Cohesion and coupling are design choices. The JVM is a runtime. The two meet at three places: dispatch cost when decoupling adds interface hops, allocation cost when cohesive value types travel as records, and class-loading + JIT compilation cost when decoupling produces many small classes. This file walks ten optimization angles where the heuristics cost cycles — and how to keep them cheap. All numbers illustrative; verify with JMH.


1. Decoupling and dispatch — invokeinterface vs invokevirtual

Decoupling through interfaces (the canonical DIP move) uses invokeinterface instead of invokevirtual. The runtime cost difference:

  • invokevirtual resolves through a fixed-offset vtable slot — one indirect load.
  • invokeinterface resolves through an itable lookup keyed by interface — historically a linear scan, in modern HotSpot a hashed lookup with cache. One to three extra loads per uncached call.

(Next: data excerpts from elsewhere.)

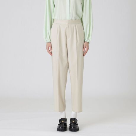 [型番:55R03526__]◆テーパードシルエットのスリムパンツ【Design】シンプルなスリムパンツです。裾に向けてテーパードしたシルエットです。フロントのクリーズラインがきれいめな印象をもたらします。後ろウエストはゴム仕様のため締め付け感なく着用いただけます。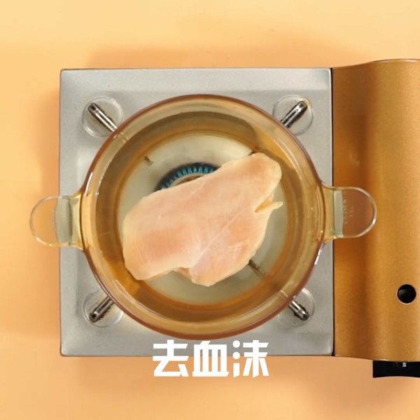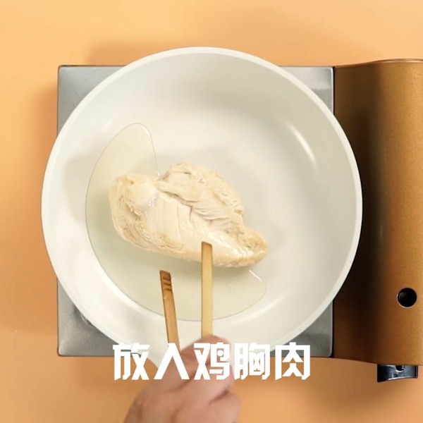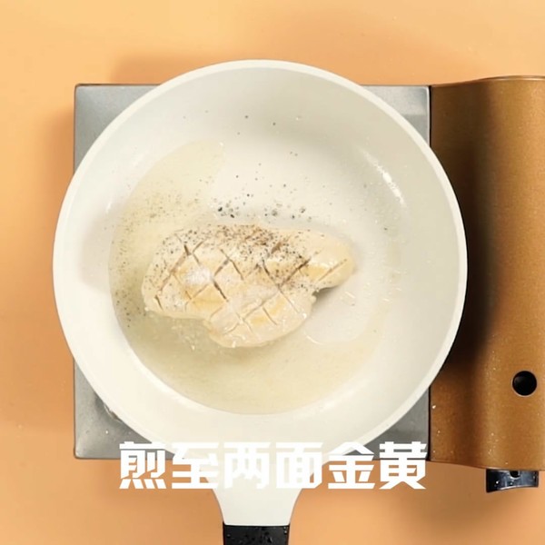 倒入食用油,放入鸡胸肉,煎至两面微黄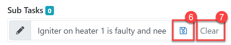 4. To create your sub-task, click in the box where it says "What needs to be done?" and type the details of your sub-task. As you type in the box, two buttons will appear to the right - The save button (#6) will save your sub-task and the clear button (#7) will cancel it if you decide not to save it. Alternatively, you can press the 'enter/return' button to save the sub-task and 'escape' to clear or cancel.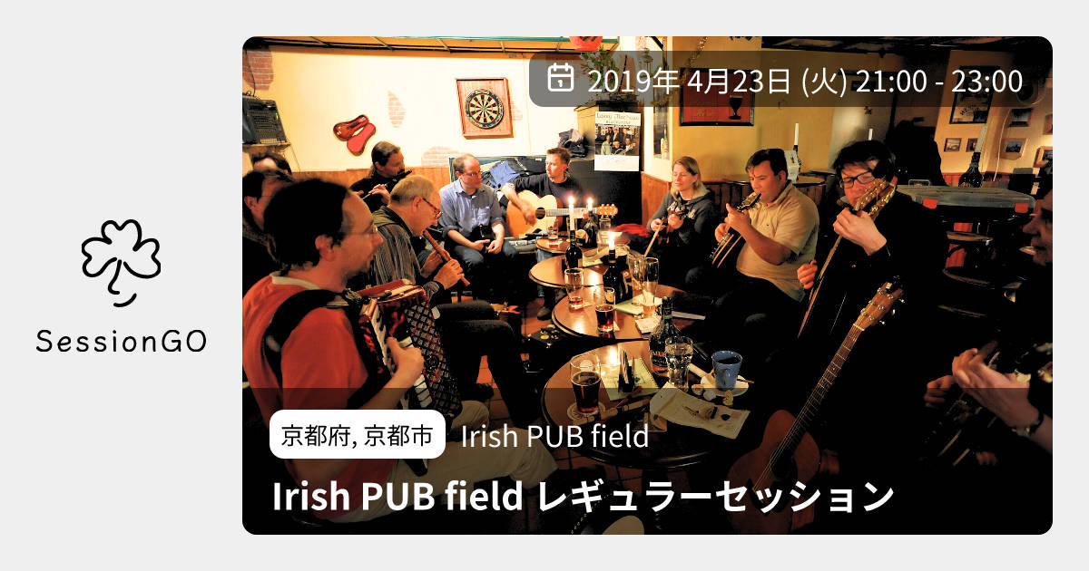 このイベントは終了していますが、同じ場所でこんなイベントも予定されています2026/3/7(土)9:00レギュラーセッション@Irish PUB field京都京都市Irish PUB fieldkyotofield.com2026/3/14(土)9:00レギュラーセッション@Irish PUB field京都京都市Irish PUB fieldkyotofield.com2026/3/21(土)9:00レギュラーセッション@Irish PUB field京都京都市Irish PUB fieldkyotofield.com2026/3/28(土)9:00レギュラーセッション@Irish PUB field京都京都市Irish PUB fieldkyotofield.com京都府, 京都市Irish PUB fieldIrish PUB field レギュラーセッション2019年4月23日(火)終了12:00 - 14:00京都府京都市中京区錦小路通東洞院西入元法然寺町683🔰 初心者歓迎😋 参加者に特別メニューありその時になってみないとどんな演奏者がやって来るかわからない、もし誰も来なければ実施されないという形の珍しい完全な自由セッションで、パブ開店当時からずっと続いているセッションです。 このセッションは、日本のアイルランド音楽の普及と発信の基地として多くのアイルランド音楽の演奏家が誕生する素地となりました。 セッション参加者はセッション時間中のドリンクが半額になります。イベント内容をコピーして新規投稿※閉店・移転などにより、正常に表示されない場合があります

For monomorphic call sites, the JIT erases both into direct calls. For megamorphic (3+ types), invokeinterface is slower than invokevirtual by ~10–20% in microbenchmarks.

public final class OrderService {
    private final OrderRepository repo;      // interface field
    public void place(Order o) {
        repo.save(o);                        // invokeinterface
    }
}

The good news: most decoupled call sites are monomorphic (the production wiring fixes the impl). The JIT inlines aggressively. Decoupling is free at runtime in 99% of practical cases.

Inspect: -XX:+UnlockDiagnosticVMOptions -XX:+PrintInlining shows (virtual call) vs (inline) decisions.


2. Cohesion and class-loading cost

A codebase with high cohesion at the class level usually has more classes — one purpose per class. Each class costs:

  • ~1 KB of metaspace per loaded class.
  • One classloader entry, one constant pool, one method table.
  • One JIT compilation when methods get hot.

For a typical enterprise app: - 5,000 classes → ~5 MB metaspace. - 50,000 classes → ~50 MB metaspace + measurable startup time.

The trade-off: cohesion adds class count; coupling adds per-class size. The total bytes are roughly similar. The class-loading cost favours fewer classes; the JIT cost favours smaller classes (faster to compile).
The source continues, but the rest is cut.